> **What needs to be done**
Within the entries below, the lines from the one with "Среди смрада и" through the one with "1889 год | |" are to be set down exactly, both ends kept.

> **Records for this task**
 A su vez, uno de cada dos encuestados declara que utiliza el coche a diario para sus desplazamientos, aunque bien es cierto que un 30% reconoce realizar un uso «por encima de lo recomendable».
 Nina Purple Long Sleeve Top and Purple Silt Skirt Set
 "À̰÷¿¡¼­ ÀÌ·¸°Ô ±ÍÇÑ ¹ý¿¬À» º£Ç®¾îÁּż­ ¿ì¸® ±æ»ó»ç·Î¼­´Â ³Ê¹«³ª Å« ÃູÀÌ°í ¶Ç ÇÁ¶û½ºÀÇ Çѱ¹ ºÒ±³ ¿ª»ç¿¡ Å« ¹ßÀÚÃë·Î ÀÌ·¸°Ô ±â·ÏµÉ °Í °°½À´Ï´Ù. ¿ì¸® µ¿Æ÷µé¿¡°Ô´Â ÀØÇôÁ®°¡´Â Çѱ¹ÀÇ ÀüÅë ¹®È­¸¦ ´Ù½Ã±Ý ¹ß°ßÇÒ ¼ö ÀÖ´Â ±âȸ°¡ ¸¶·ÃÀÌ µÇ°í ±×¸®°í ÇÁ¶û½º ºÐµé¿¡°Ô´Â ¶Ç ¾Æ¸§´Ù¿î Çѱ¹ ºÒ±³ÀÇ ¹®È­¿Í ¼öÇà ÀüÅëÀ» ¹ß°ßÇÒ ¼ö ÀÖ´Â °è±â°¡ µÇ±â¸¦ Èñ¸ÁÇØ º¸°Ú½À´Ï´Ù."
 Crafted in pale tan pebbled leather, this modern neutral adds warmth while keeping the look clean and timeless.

...

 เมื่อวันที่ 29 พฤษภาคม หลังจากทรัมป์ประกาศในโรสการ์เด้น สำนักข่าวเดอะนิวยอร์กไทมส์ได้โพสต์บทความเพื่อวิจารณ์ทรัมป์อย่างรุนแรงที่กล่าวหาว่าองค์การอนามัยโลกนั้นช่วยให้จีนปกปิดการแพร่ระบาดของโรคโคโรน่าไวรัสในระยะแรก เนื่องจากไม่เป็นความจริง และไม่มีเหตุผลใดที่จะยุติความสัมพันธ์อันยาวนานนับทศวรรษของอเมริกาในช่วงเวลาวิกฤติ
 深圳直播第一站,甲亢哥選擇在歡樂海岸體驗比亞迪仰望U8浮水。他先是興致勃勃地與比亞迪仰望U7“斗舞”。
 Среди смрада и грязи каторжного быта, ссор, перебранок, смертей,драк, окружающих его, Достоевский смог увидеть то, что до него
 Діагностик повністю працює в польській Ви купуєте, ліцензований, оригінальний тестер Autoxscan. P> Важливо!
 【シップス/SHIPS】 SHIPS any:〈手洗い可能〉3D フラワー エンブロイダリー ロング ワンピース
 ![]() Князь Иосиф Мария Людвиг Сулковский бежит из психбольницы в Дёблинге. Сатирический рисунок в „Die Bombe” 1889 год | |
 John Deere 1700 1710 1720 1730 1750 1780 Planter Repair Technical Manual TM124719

> **Expected answer**
 Среди смрада и грязи каторжного быта, ссор, перебранок, смертей,драк, окружающих его, Достоевский смог увидеть то, что до него
 Діагностик повністю працює в польській Ви купуєте, ліцензований, оригінальний тестер Autoxscan. P> Важливо!
 【シップス/SHIPS】 SHIPS any:〈手洗い可能〉3D フラワー エンブロイダリー ロング ワンピース
 ![]() Князь Иосиф Мария Людвиг Сулковский бежит из психбольницы в Дёблинге. Сатирический рисунок в „Die Bombe” 1889 год | |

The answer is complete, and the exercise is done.